§ **Exercise inputs**
+++++

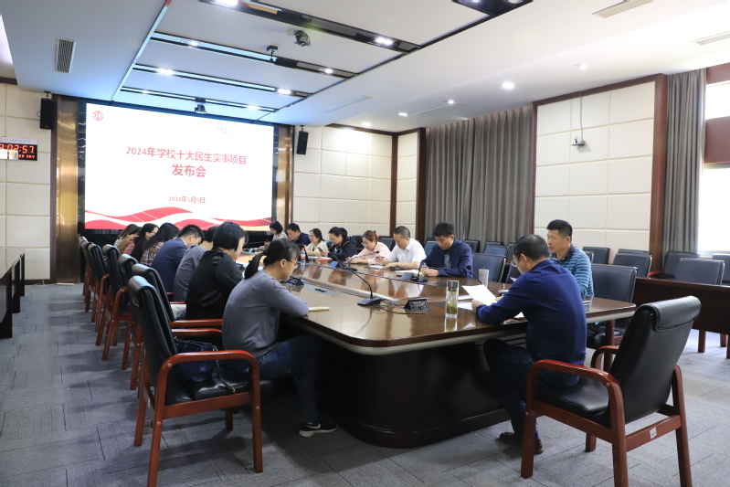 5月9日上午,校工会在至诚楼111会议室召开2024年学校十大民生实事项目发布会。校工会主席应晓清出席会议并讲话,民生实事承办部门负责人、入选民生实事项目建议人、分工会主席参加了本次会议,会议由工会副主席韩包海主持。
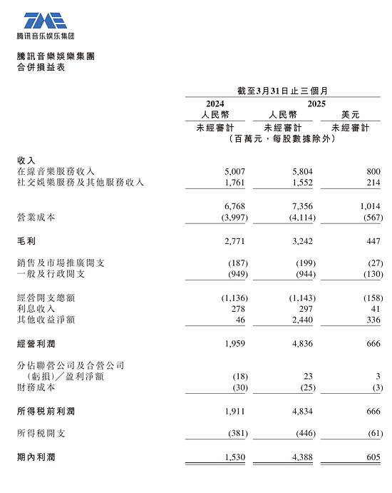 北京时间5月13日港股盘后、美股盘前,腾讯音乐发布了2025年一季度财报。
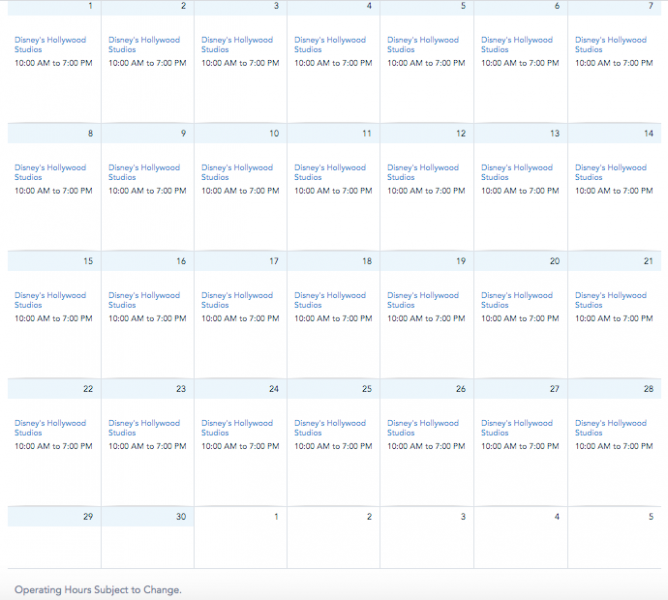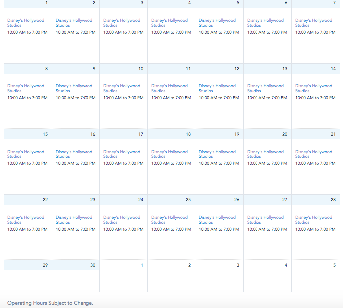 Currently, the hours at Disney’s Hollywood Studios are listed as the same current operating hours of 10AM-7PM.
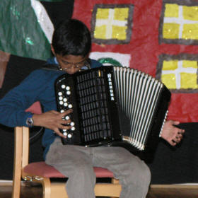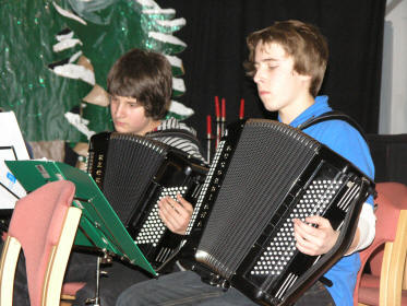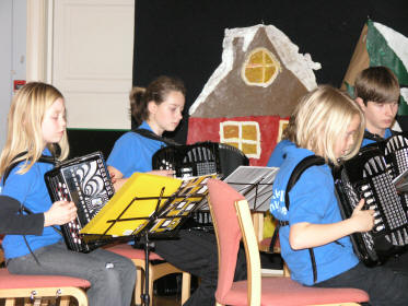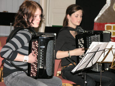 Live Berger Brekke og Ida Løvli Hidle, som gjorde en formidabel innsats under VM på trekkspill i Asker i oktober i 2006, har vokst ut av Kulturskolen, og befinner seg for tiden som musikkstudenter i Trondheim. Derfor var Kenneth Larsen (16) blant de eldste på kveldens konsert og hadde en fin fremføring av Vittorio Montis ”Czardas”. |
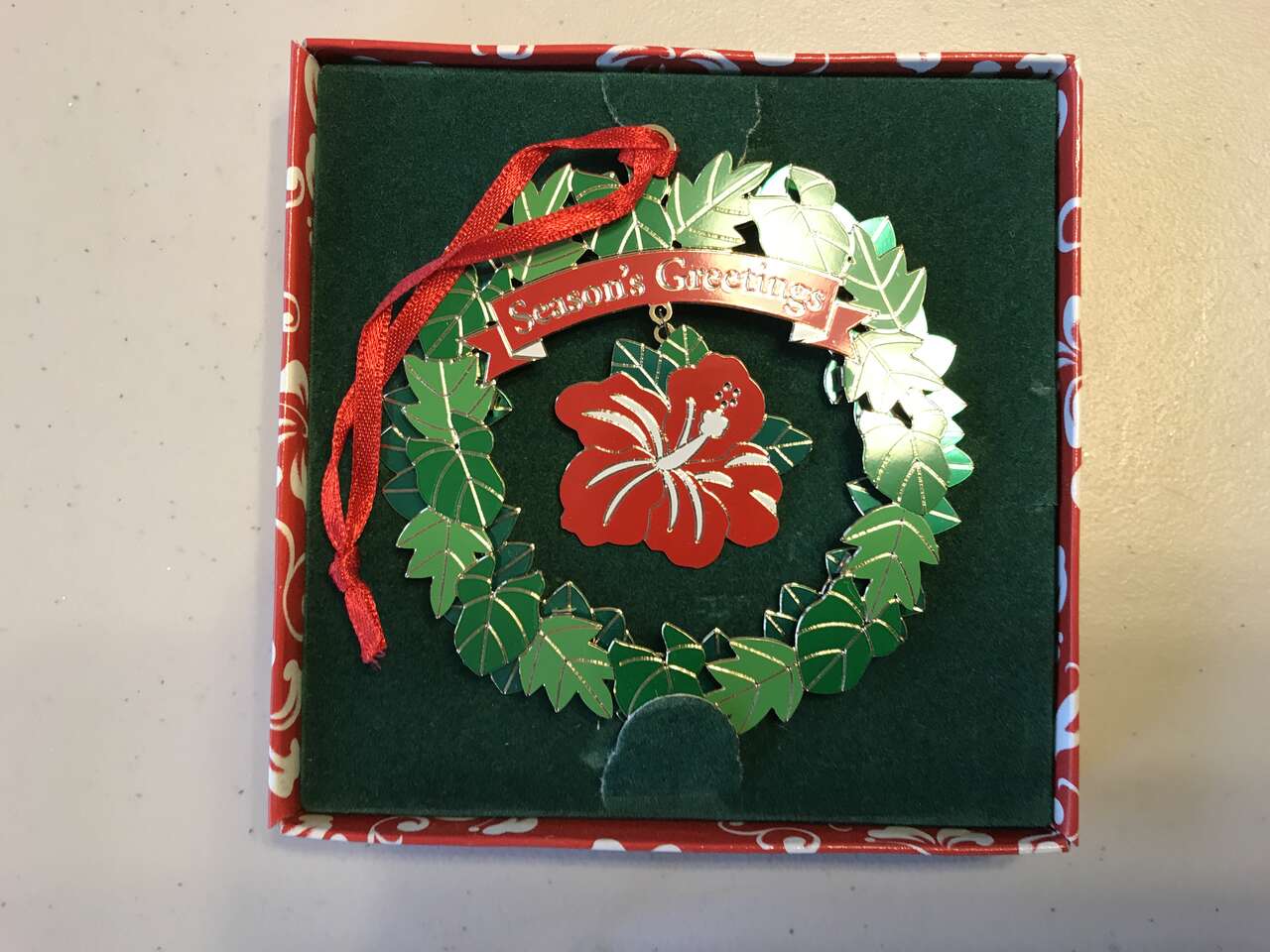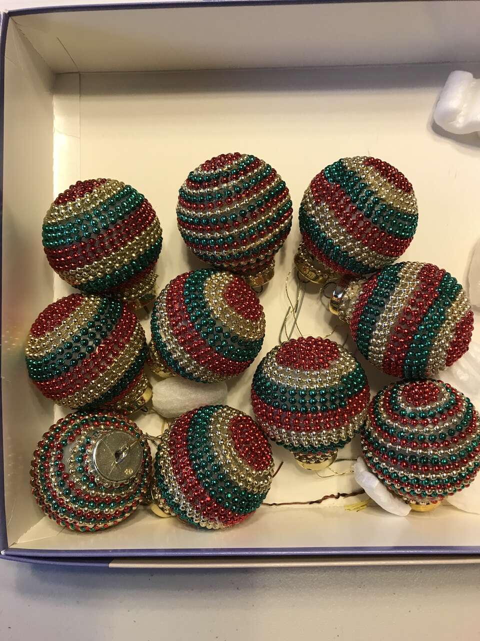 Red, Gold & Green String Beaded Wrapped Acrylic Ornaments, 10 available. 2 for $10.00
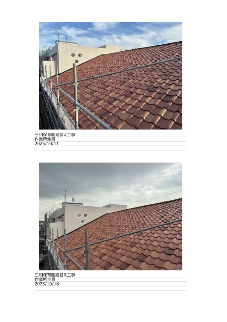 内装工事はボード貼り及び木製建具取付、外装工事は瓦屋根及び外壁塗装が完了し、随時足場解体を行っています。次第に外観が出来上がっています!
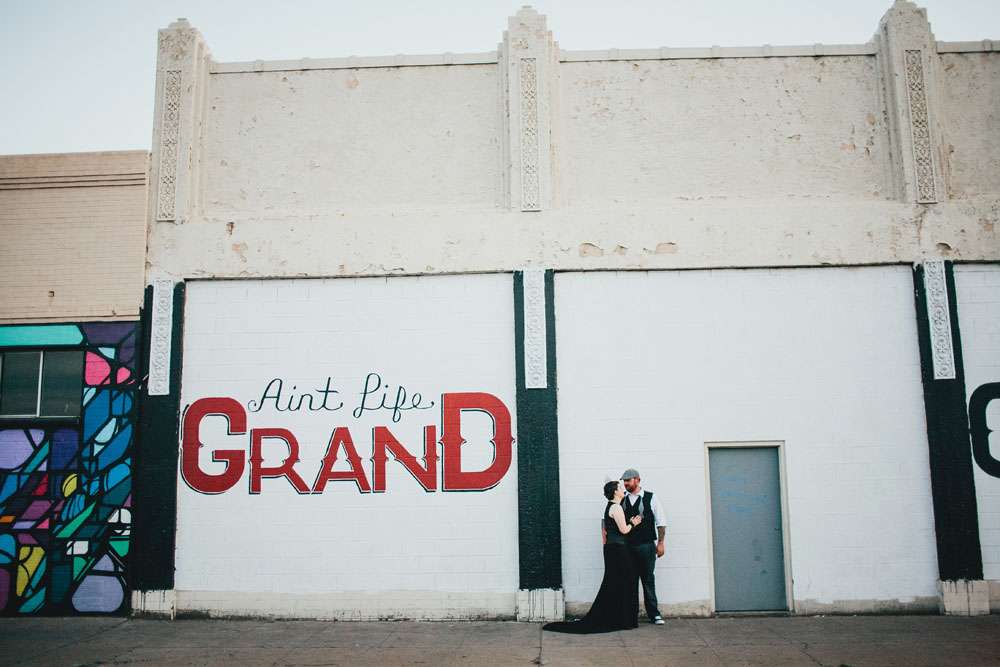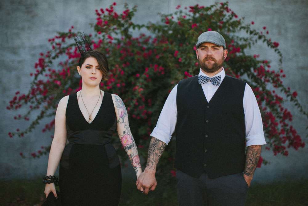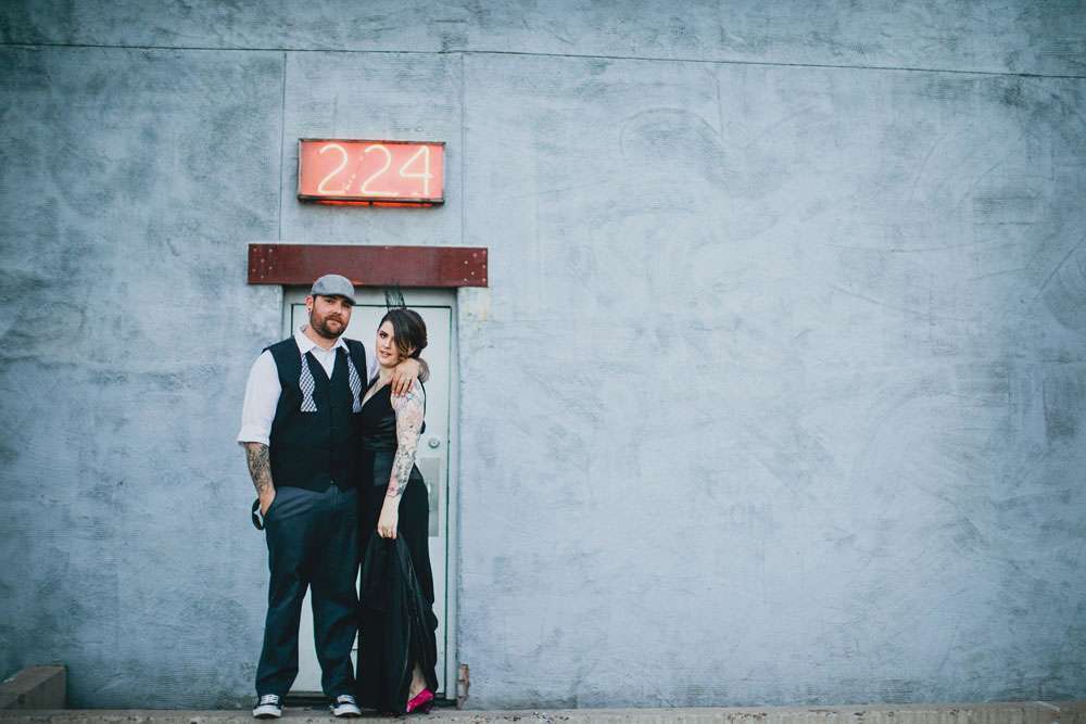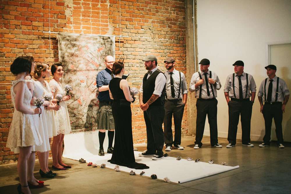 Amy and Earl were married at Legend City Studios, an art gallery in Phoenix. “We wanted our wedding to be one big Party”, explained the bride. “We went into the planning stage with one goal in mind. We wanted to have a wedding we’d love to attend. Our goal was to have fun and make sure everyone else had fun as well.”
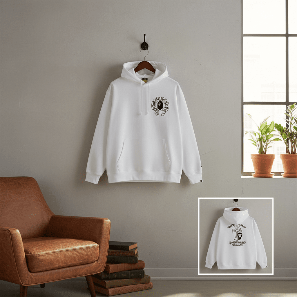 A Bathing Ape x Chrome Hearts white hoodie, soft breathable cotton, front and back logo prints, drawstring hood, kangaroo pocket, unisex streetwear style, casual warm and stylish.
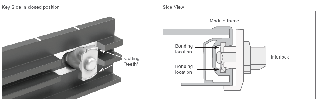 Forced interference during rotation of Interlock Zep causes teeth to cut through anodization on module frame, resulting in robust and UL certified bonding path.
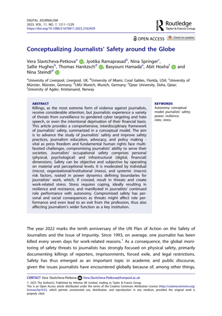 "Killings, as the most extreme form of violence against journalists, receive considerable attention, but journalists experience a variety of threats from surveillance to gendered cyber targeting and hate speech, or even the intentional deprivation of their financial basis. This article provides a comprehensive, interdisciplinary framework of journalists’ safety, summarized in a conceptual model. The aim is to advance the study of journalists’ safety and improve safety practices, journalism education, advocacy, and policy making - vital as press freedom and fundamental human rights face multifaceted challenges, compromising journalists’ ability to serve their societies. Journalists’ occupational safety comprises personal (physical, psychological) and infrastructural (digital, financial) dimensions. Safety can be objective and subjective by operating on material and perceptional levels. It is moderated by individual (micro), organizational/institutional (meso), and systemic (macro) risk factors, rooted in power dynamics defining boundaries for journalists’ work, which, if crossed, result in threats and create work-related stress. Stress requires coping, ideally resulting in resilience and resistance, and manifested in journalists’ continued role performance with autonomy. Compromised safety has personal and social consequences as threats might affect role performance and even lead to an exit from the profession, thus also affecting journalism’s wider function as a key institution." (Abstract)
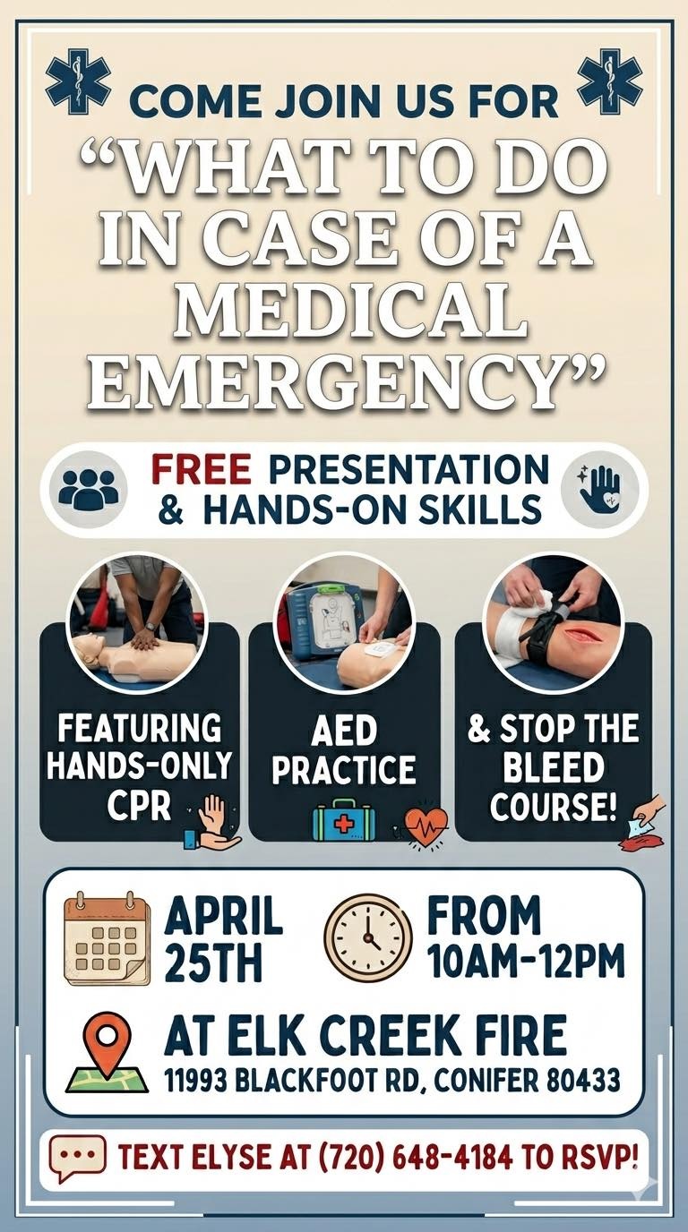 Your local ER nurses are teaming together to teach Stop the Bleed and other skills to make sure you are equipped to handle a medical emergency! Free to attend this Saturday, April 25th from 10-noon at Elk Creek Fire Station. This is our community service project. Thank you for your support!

+++++

§ **Instructions for the task**
Set the pictures aside and retype exactly the lines above from the line with "北京时间5月13日港股盘后、美股盘前,腾讯音乐发布了2025年一季度财报。" to the line with "Currently, the hours", both included, adding no others.

§ **Answer to the problem**
 北京时间5月13日港股盘后、美股盘前,腾讯音乐发布了2025年一季度财报。
 Currently, the hours at Disney’s Hollywood Studios are listed as the same current operating hours of 10AM-7PM.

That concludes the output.